Fig. 8 |. Adrenergic augmentation of contractility is CaV1.2 dependent.

a, Maximal basal conductance (G_max) density. The black dashed line is the mean 3DA-β_2B G_max. Data are the mean ± s.e.m. ****P < 0.0001 unpaired, two-tailed Student’s t-test (n = 123 and 37 cells from 10 and 4 mice, from left to right). b, Graph of V₅₀ acquired via ramp protocol. Data are mean ± s.e.m. P < 0.0001 by one-way ANOVA, ****P < 0.0001 by Sidak’s multiple-comparison test (n = 29, 29, 35, 35, 26, 26 cells from 3, 3, 3, 3, 4 and 4 mice, respectively, from top to bottom). c, Isoproterenol-induced fold-change of Ca²⁺ channel conductance at −20 mV, acquired via ramp protocol. Data are mean ± s.e.m. P < 0.0001 by one-way ANOVA, ****P < 0.0001 by Sidak’s multiple-comparison test (n = 28, 35 and 26 cells from 3, 3 and 4 mice, respectively, from left to right). d, Basal Ca²⁺ transient amplitude. Data are the mean ± s.e.m. ****P < 0.0001 by unpaired, two-tailed Student’s t-test (n = 507 4SA-Rad cells, 10 mice (same data as Fig. 3i); 467 4SA-Rad/3DA-β_2B cells, 4 mice). e, Isoproterenol-induced fold-change of Ca²⁺ transient amplitude versus basal amplitude. The black dashed line is the exponential fit for the WT (n = 183 4SA-Rad cells, 5 mice (same as Fig. 3d); 160 4SA-Rad/3DA-β_2B cells, 4 mice). f, Isoproterenol-induced fold-change in Ca²⁺ transient amplitude. The WT and 4SA-Rad data same as Fig. 3f. The dashed blue line is mean for isoproterenol-treated 3DA-β_2B cardiomyocytes.
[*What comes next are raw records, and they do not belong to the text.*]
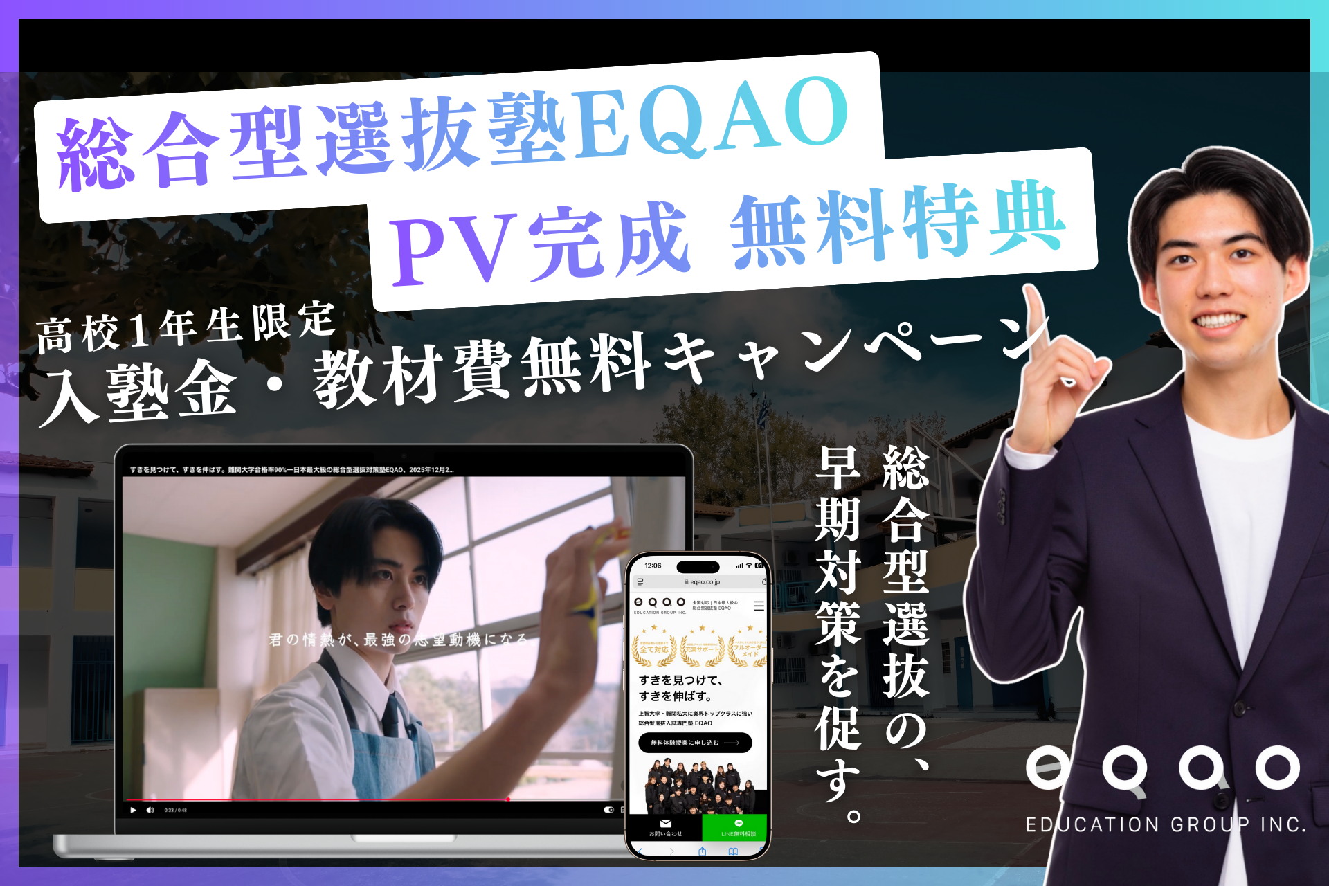 「特別な人だけが受かる入試じゃない」総合型選抜専門塾EQAOが想いを込めたPVを公開、高校1年生向け施策も始動ー総合型選抜対策はEQAO
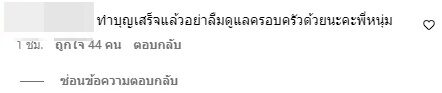 แต่ก็ยังไม่วายโดนชาวเน็ต เข้ามาแซะผ่านโพสต์ดังกล่าวว่า “ทำบุญเสร็จแล้วอย่าลืมดูแลครอบครัวด้วยนะคะพี่หนุ่ม”
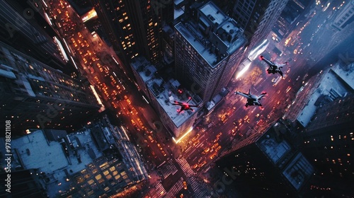 Drones capturing aerial footage of a city skyline at dusk, the streets below glowing with lights from cars and buildings.
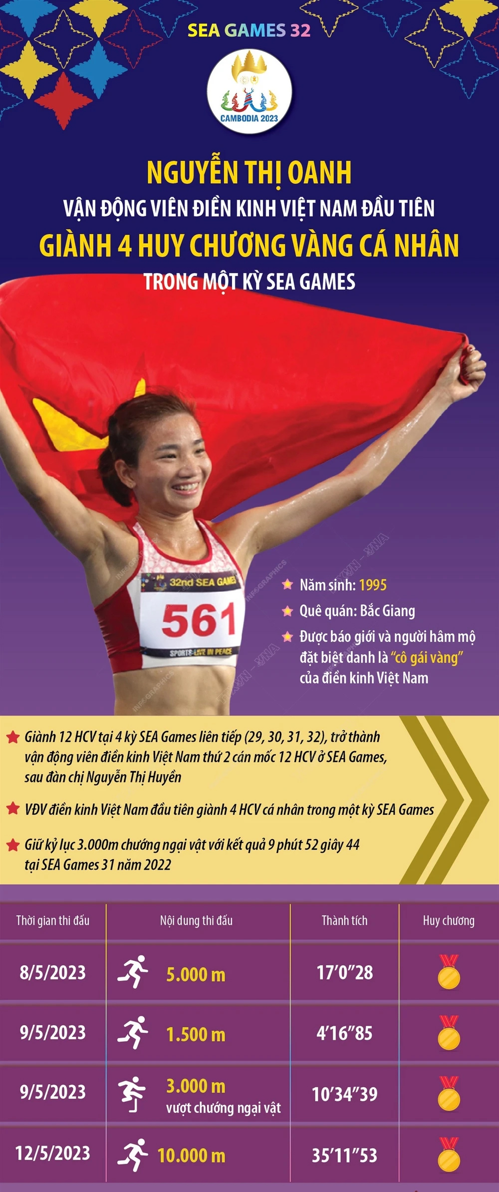 SEA Games 32 tại Campuchia trở thành cột mốc lịch sử của Oanh và của cả thể thao Việt Nam. Chỉ trong hai ngày thi đấu, cô giành 4 Huy chương Vàng ở các nội dung 1500m, 5000m, 10.000m và 3000m vượt chướng ngại vật – kỳ tích mà chưa một vận động viên Đông Nam Á nào từng làm được. "Mỗi lần bước ra đường chạy, tôi chỉ muốn cống hiến hết mình. Đó là cách tôi tri ân tuổi trẻ và những người đã tin tưởng vào mình" – Nguyễn Thị Oanh chia sẻ với báo giới sau chiến tích ấy.

Data are the mean ± s.e.m. ****P < 0.0001 by unpaired, two-tailed Student’s t-test (n = 225, 183 and 160 cells from 4, 5 and 4 mice, respectively, from left to right). g, Change in sarcomere length. Data are the mean ± s.e.m. P = 0.50 by unpaired, two-tailed Student’s t-test (n = 22 cells, 3 mice). h, Time constant of Ca²⁺ reuptake. Data are the mean ± s.e.m. ****P < 0.0001 by unpaired, two-tailed Student’s t-test (n = 148 and 160 cells, from 3 and 4 mice, from left to right). i, Fractional area of change. 4SA-Rad is same data as Fig. 5k. Dashed lines are means for WT without and with isoproterenol. Data are mean ± s.e.m. P = 0.27 and P = 0.12 by unpaired, two-tailed Student’s t-test, from left to right (n = 8 mice for each group).